- DVD Poster
- Directed by: Jack Couffer
- Written by: Joy Adamson (Book) Millard Kaufman (Screenplay by)
- Produced by: Paul B. Radin
- Starring: Nigel Davenport; Susan Hampshire; Geoffrey Keen; Edward Judd; Peter Lukoye;
- Cinematography: Wolfgang Suschitzky
- Edited by: Don Deacon
- Music by: Sol Kaplan
- Production companies: Columbia Pictures Corporation Columbia Pictures Open Road Films Highroad
- Distributed by: Columbia-Warner Distributors Columbia Pictures NBC
- Release date: 15 April 1972; (Japan)
- Running time: 90 minutes
- Country: United Kingdom
- Language: English

= Living Free =

Living Free is a 1972 British drama film, written by Millard Kaufman and directed by Jack Couffer. It starred Nigel Davenport, Susan Hampshire and Geoffrey Keen. This film is a sequel to Born Free (1966), which was based on the 1960 book of the same name by Joy Adamson. The film Living Free is also based on a book by Joy Adamson; however, it is not based on the book of the same name but is instead based on the third book in the series, Forever Free. Singer Julie Budd sang the title song, composed by Sol Kaplan and Freddy Douglass.

==Plot==
After Elsa the lioness dies, her three lion cubs (Jespah, Gopa and Little Elsa) are forced to move to a game preserve and must learn to hunt on their own with the help of George Adamson and his wife, Joy.

==Cast==
- Nigel Davenport as George Adamson
- Susan Hampshire as Joy Adamson
- Geoffrey Keen as Kendall
- Peter Lukoye as Nuru
- Shane De Louvre as Makedde
- Robert Beaumont as Billy Collins
- Nobby Noble as Bank Manager
- Allaudin Qureshi as Bank Clerk
- Charles Hayes as Herbert Baker
- Jean Hayes as Mrs. Herbert Baker
- Edward Judd as Weaver

==Reception==
The film was nominated for one Golden Globe Awards for Best English-Language Foreign Film.

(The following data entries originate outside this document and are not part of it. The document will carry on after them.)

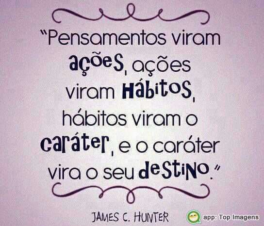 Pensamentos viram ações, ações viram hábitos, hábitos viram o caráter, e o caráter vira o seu destino.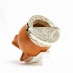 Media tapa para el mate. Realizada en alpaca, con una banda elástica para engancharlo al mate y evitar que se vuele la yerba seca.
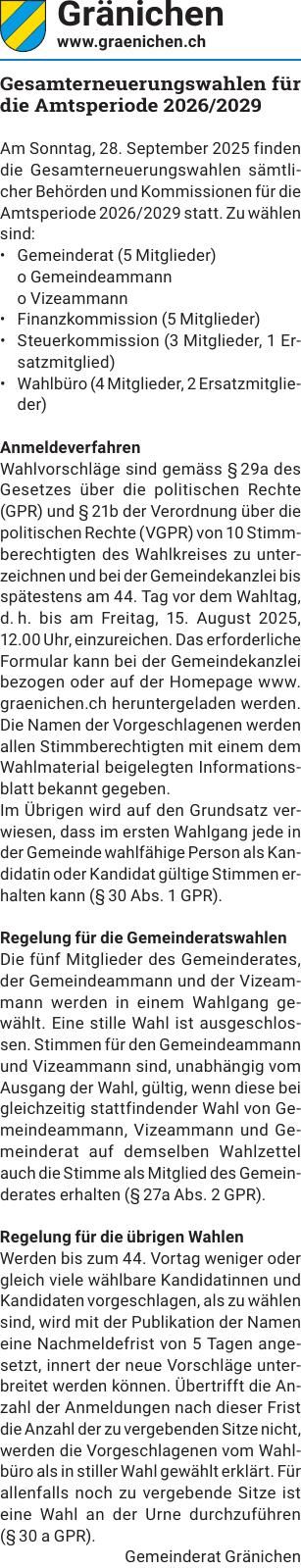 Gesamterneuerungswahlen für die Amtsperiode 2026 2029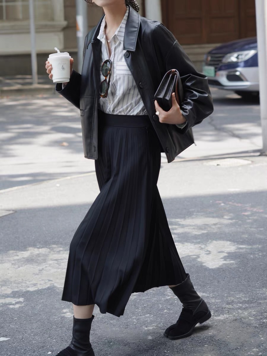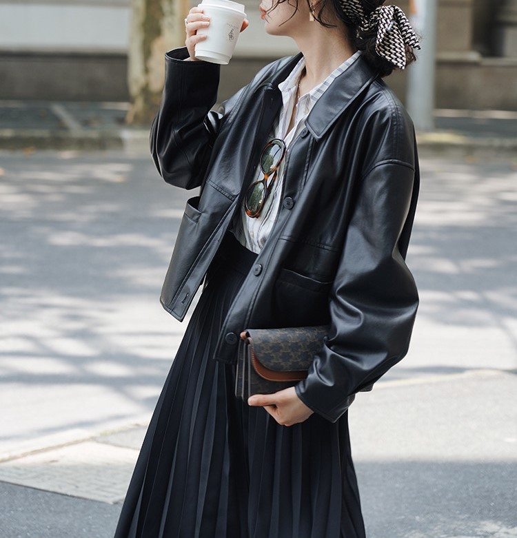 "스케치" 프랑스 레트로 블랙 가죽 여성 느슨한 짧은 가죽 재킷 코트 여성의 가을과 겨울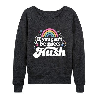 Women's - Instant Message - If You Can't Be Nice Hush Lightweight French Terry Wide Neck Long Sleeve Graphic Shirt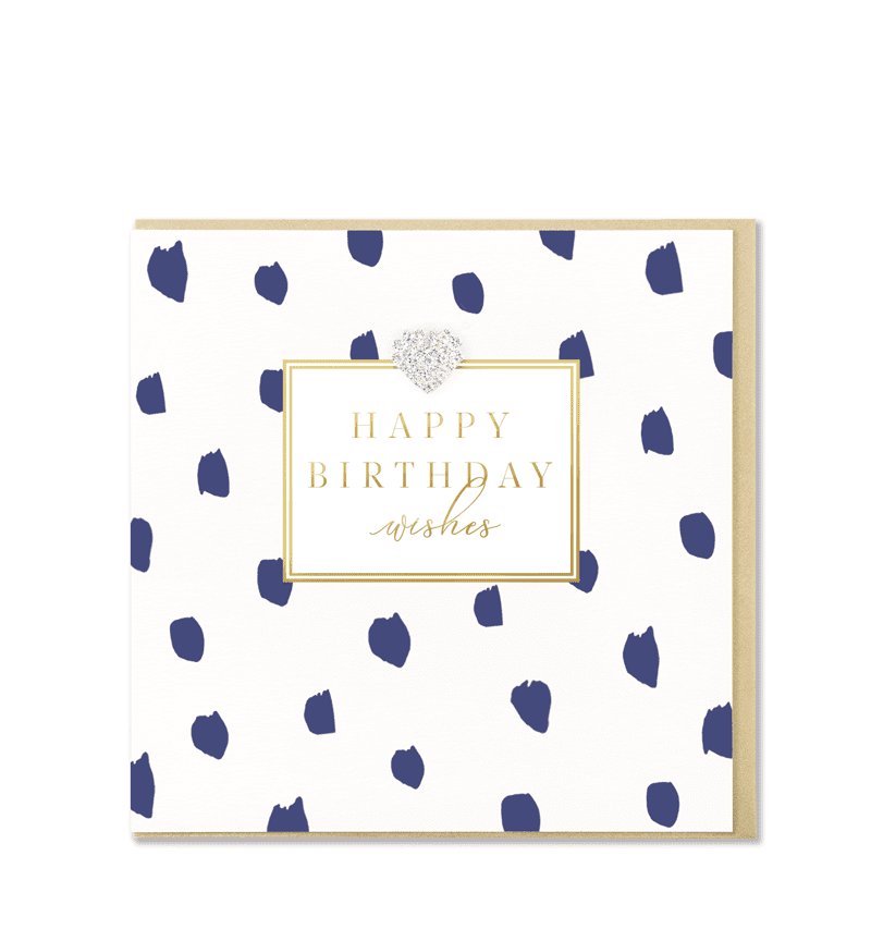 Our gorgeous luxury greetings card with Gold foil sentiment and hand embellished with a diamanté heart jewel. This card is printed on luxury FSC board and presented with a pearlescent Gold envelope and cello wrapped. Blank inside.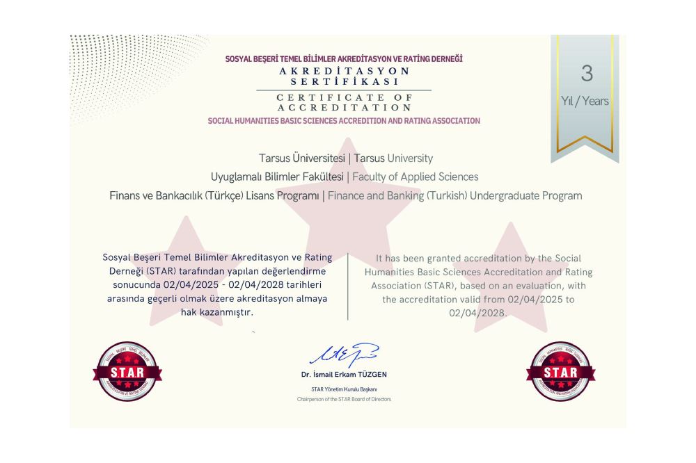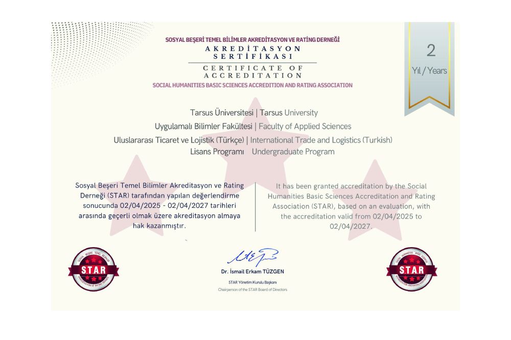 Two undergraduate programmes within Tarsus University have been accredited following an evaluation process conducted by the Social, Human and Basic Sciences Accreditation and Rating Association (STAR).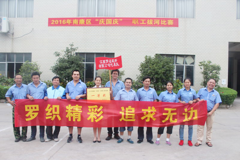 9月28日上午,為了豐富工業園區職工文化生活,迎接國慶佳節的到來,由區總工會、區體育局組織開展的2016年南康區“迎國慶”企業職工拔河比賽在龍嶺工業園東區勝利開賽。我公司代表隊由玻纖網事業部組隊參賽,在比賽中不畏強手,奮力拼搏,以勇爭第一的豪氣,一路過關斬將,在22支參加隊伍中脫穎而出,會師決賽,喜獲比賽一等獎,為公司爭取了榮譽,展現了羅玻風采。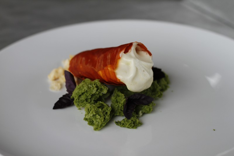 Sbollentare e poi freddare con acqua e ghiaccio il basilico e il prezzemolo e poi centrifugare il tutto. In una “bastardella” unire gradualmente tutti gli ingredienti, versare nel sifone il composto e farlo riposare per 3 ore in frigo. Riempire con il composto gli stampi da muffin per 3/4 , cuocerli al microonde per 30 secondi a 800 watt, poi metterli in abbattitore capovolgendo i bicchierini e una volta freddati far asciugare le spugne verdi per 3 ore a 65° C.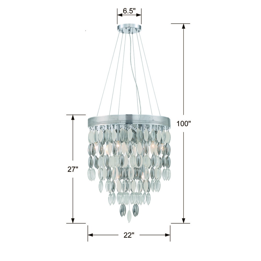 The Hudson collection features sparkling oversized solid glass beads in clear, frosted, and silver shadow cascading gracefully from its thick perforated metal base. The tiered presentation of multiple strands of oval glass offers a diffused ambiance that adds a sense of refinement and sophistication to many spaces and décor styles.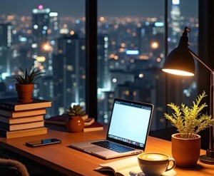 Working from home late-night! (Get your Free copy of “Universal Success Principles” HERE!)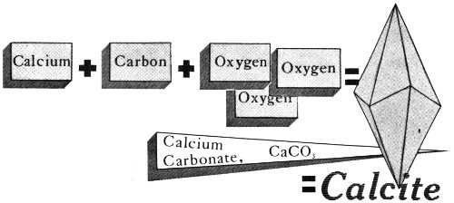 A mineral can be compared to a word of our language. We combine letters to form a word, and nature combines certain chemical elements to form each particular mineral. For example, calcite, a mineral that is abundant in Texas, is always made up of the same proportions of the same three elements: calcium, carbon, and oxygen.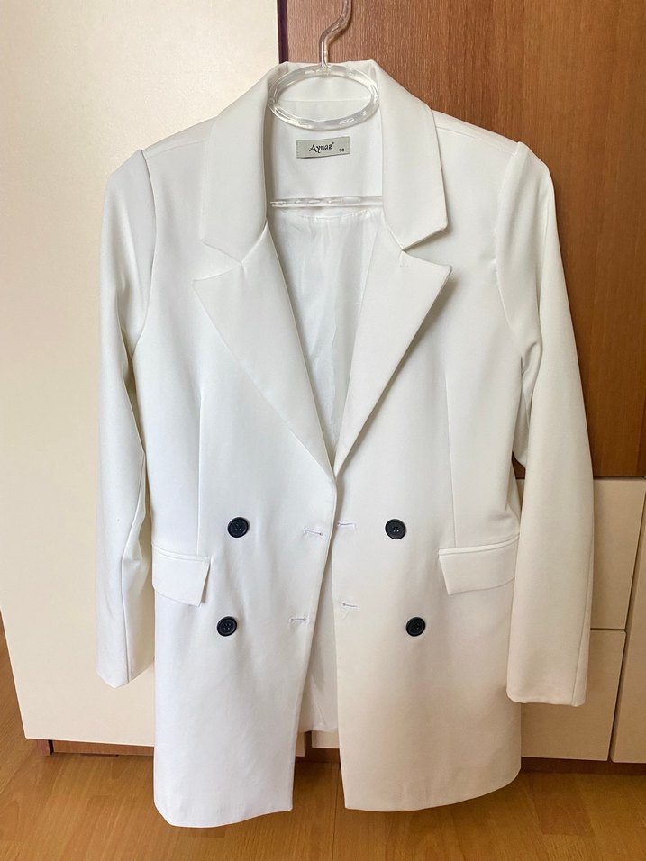 Beyaz düğmeli kadın blazer ceket, kesik yaka, uzun kollu ve midi boyda, rahat kesim ve sentetik kumaştan üretilmiştir. Ofis ve günlük kullanıma uygundur. ✨

Howard Thompson from The New York Times wrote: "'Born Free' history is repeating itself and the freshness and novelty wear thin. Still, these are enterprising, well-meaning adults, the animals—all of them — and the exotic scenery are diverting, and the picture is clean as a lion's tooth, not that we've ever crawled up close for a look. "Living Free" is close enough to sensible entertainment for the children — and bright ones, too." Andy Webb from The Movie Scene gave the film two out of five stars and stated: "What this all boils down to is that "Living Free" whilst still an entertaining movie is not a patch on "Born Free". From the change in actors, through to the overlong recap and natural history lesson it just doesn't feel right. And whilst the storyline itself relays some of the emotion of Joy and George's battle to protect Elsa's legacy the connection to the emotion never really comes across from the acting or the way the movie is directed.